2. The MAS-Q-learning based task allocation method as claimed in claim 1, wherein: the data preprocessing method in the step 2 is as follows:

step 2a), designing crowdsourcing personnel into an intelligent agent quintuple: s, A, P, gamma and R >, wherein S is a state, A is an action function, P is a selection probability, gamma is a discount factor, gamma belongs to (0,1), and R is a reward function;

3. The MAS-Q-learning based task allocation method as claimed in claim 2, wherein: the state transition method in the step 3 is as follows:

step 3a), firstly, deducing the Euclidean distance of the intelligent agent relative to the adjacent intelligent agent to obtain the relative estimation position of the intelligent agent j in a local coordinate system under the intelligent agent i to obtain distance observation;

4. A MAS-Q-learning based task allocation method as claimed in claim 3 wherein: in the step 4, the multi-agent system is modeled as follows:

Expressing, calculating to obtain a kinetic equation and an edge state definition of a single intelligent agent;

step 4b), updating the kinetic equation of a single agent, then calculating to obtain a corresponding incidence correlation matrix, deducing to obtain a Laplace matrix, establishing an information feedback model, and further obtaining the information interaction feedback of the agent;

step 4c), after information feedback models among the agents in the multi-agent system are obtained, model reduction is carried out on the multi-agent system, and the complexity of solving is reduced based on the structure of the spanning tree sub-graph; and performing linear transformation on the spanning tree to obtain a spanning residual tree which is used as an internal feedback item of the multi-agent system, and finally obtaining the reduced-order multi-agent system model.

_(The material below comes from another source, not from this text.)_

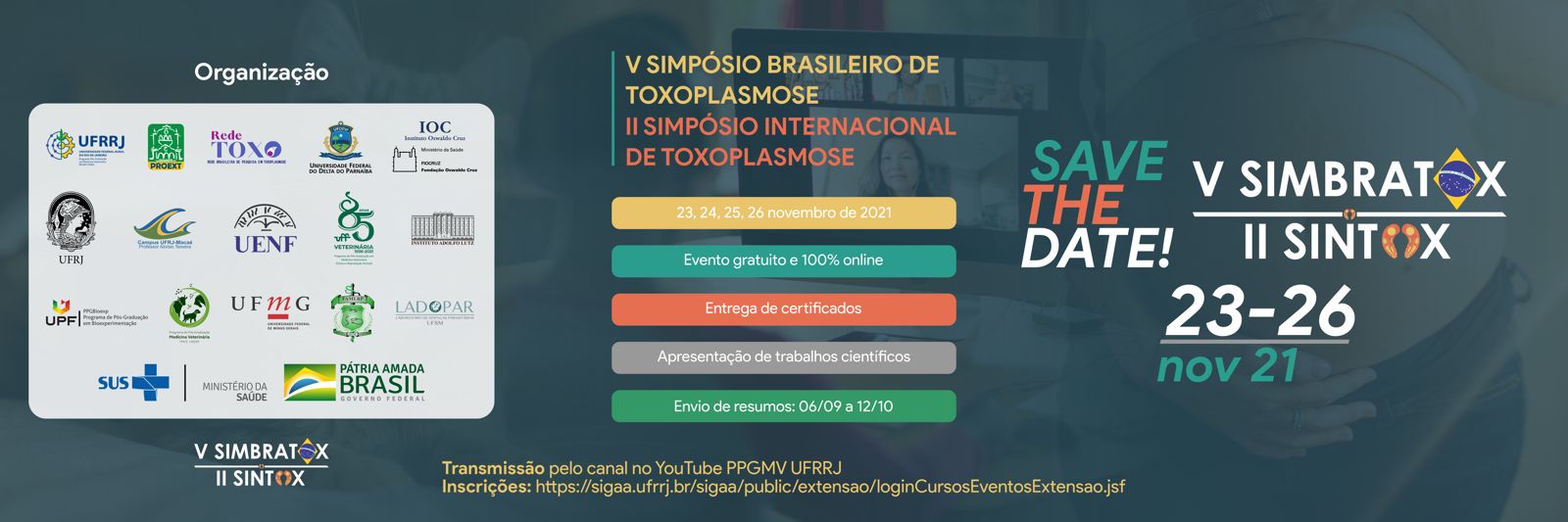 Convite: V SIMBRATOX (Simpósio Brasileiro de Toxoplasmose) e II SINTOX (Simpósio Internacional de Toxoplasmose) com o tema: "Da Saúde Única para a Saúde Pública: O futuro das políticas para a toxoplasmose". Entre 23 a 26 de novembro de 2021, em formato virtual, pelo canal do youtube PPGMV UFRRJ.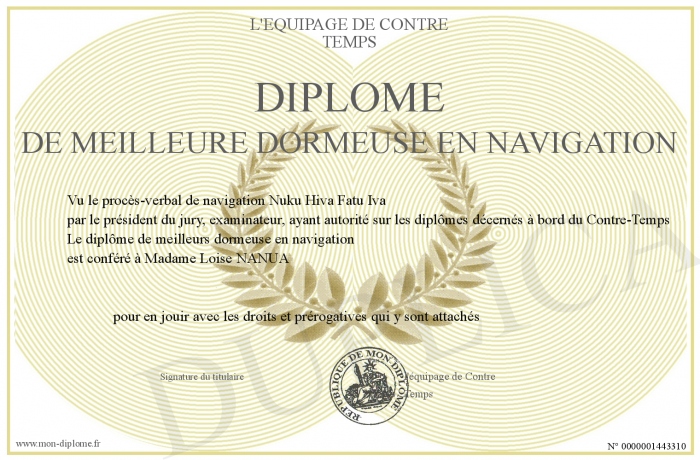 Envoyez par email votre Diplome de Meilleure dormeuse en navigation personalisé

5. The MAS-Q-learning based task allocation method as claimed in claim 4, wherein: the multi-attribute decision phase method in the step 6 is as follows: solving a Markov decision process problem under the condition that a transition probability model is unknown, setting a state (S), an action (A), a reward function (r) and a transition probability (p), wherein the Markov property of the transition probability model is p (S)_t+1|s₀,a₀,…,s_t,a_t)＝p(s_t+1|s_t,a_t) Wherein s is_tIndicating the state at time t, a_tRepresenting behavior at time t; the optimization goal of the model is

s.t.s_t+1～p(·|s_t,a_t),a_t～π(·|s_t) T-1, pi denotes a constant, pi (· | s)_t) Is shown in state s_tProbability of using reinforcement learning method in p(s)_t+1|s_t,a_t) And solving the Markov decision process problem under the unknown condition, and estimating an action-value function by adopting a time difference method.

6. The MAS-Q-learning based task allocation method as claimed in claim 5, wherein: the state of the agent satisfying the integrity condition includes all information required by the agent's decision.

7. The MAS-Q-learning based task allocation method as claimed in claim 6, wherein: and designing discrete or continuous action values for the action of the intelligent agent according to the numerical characteristics of the applied control quantity.